Выстрел прогрохотал внезапно, оглушив Ивана. Пуля с визгом отлетела от стены и щелкнула где-то в глубине тоннеля.

— Все нормально, Янек! — крикнул Круль. — Это я играюсь!

— Придурок, — пробормотал Иван.

— Не боись, Ваня, все путем! А ты, Хаммер, прикинь, если бы сейчас пуля ударила не по кирпичу, а тебе в голову, мозги полетели бы в разные стороны, полушарие влево, полушарие — в клочья… Ты моргнул, а вместо апостола Петра с ключом и бутылкой рома перед тобой стоит кто-то с рогами и хвостом? И что бы ты ему сказал? Ошибочка вышла? Ошибочка?

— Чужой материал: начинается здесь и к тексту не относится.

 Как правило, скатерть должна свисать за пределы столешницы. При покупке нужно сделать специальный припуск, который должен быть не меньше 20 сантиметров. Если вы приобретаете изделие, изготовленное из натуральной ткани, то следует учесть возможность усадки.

Снова вспыхнул белый свет, рот Хаммера был полуоткрыт, нижняя челюсть дрожала, с нее длинной ниткой стекала слюна.

— Твою мать, ужас какой! — брезгливо воскликнул Круль, выключая фонарь. — Ты еще и обмочился, парень! А ведь, казалось бы, взрослый мальчик… Неужели твоей уверенности хватило только на двухминутный разговор и один выстрел поверх головы? И это вся твоя вера? Хотя… Правильно, наверное. Одно — верить в Бога, совсем другое — доверять его слугам. И, что самое обидное, я ведь тоже могу оказаться неправ. Вдруг все нормально, тебя обработали на совесть, качественно… А я пытаюсь посеять семена сомнения в твоей чистой… пардон, очищенной душе. Так что будем делать, Джек Хаммер?

Иван не хотел бы сейчас оказаться на месте Хаммера. Ни за что на свете. Круль был большим специалистом по ломке мировосприятия. Знаток по сеянию сомнений. Сволочь. Нужно было оборвать его, прекратить это издевательство над несчастным запутавшимся Хаммером. Нужно было, но…

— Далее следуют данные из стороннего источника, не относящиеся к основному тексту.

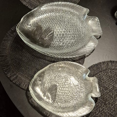 Vintage Arcoroc France -lasinen kalalautanen, tarjoilulautasten setti
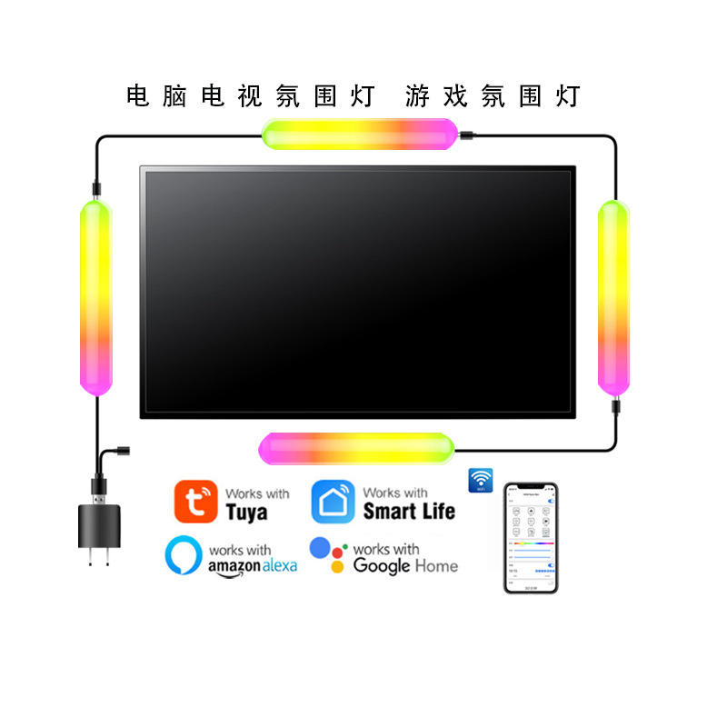 Nuevo escritorio Smart Phantom TV atmósfera RGB brillo música Control de voz lámpara poste juego de ordenador Luz de recogida

Иван должен узнать все. Он решил — и пути назад уже нет. Уже погибли люди ради удовлетворения его любопытства. И погибнут еще.

— Выходит… — хрипло начал Иван, откашлялся и продолжил, как он надеялся, уверенным голосом: — Выходит, Джеку нужно уцелеть, выжить и получить отпущение у того, кто наверняка может его дать. Ты же католик, Джек?

Иван прекрасно знал, что Объединенная Церковь сейчас официально не проводила такого жесткого разделения, но простые люди предпочитали придерживаться одного, выбранного для него еще родителями, направления веры.

— Ты же католик?

— Да.

— Тебе нужно к Папе, — как можно тверже произнес Иван. — Он — отпустит все грехи. Даже если все десять лет тебя обманывали. Или если твой грех состоял только в слабости, в недостаточной вере. Тогда ты будешь знать точно. А сейчас… Сейчас тебя убьет предавшийся. А если он прав? Если был обман? Ты рискуешь, ты очень сильно рискуешь, Джек! Я предлагаю тебе наиболее реальный выход. Гарантированный…

— Вот ведь гад! — Круль сокрушенно поцокал языком. — А я ведь только собрался предложить Хаммеру подписать Договор. А тут ты… Какого ты лезешь со своим Папой? Ты же православный вообще. Блин. Ну как можно так обламывать? Я же только-только… Эх!..

— Думай, Хаммер, — сказал Иван. — Мне — все равно. Либо ты все рассказываешь, и мы делаем все, чтобы ты попал к Папе, либо ты подписываешь Договор, либо играешь в гусарскую рулетку со своими тайными благожелателями. Время, Джек! Нам нужно успеть выбраться отсюда до появления крупных сил противника.

Хаммер заскулил.

— Не тяни, морячок! Живее! — подбодрил его Круль. — Если нас сейчас нагонят — а ты не сможешь бежать, я тебя пристрелю. Сделаю ставку на то, что тебя обманули…

— А если я подпишу, тоже пристрелишь! — простонал Хаммер.

— Нет. Только если ты не сможешь бежать. Но в этом случае ты с гарантией получишь максимум удобств в Аду.

— А если я все скажу, ты меня не убьешь? Я хочу к Папе…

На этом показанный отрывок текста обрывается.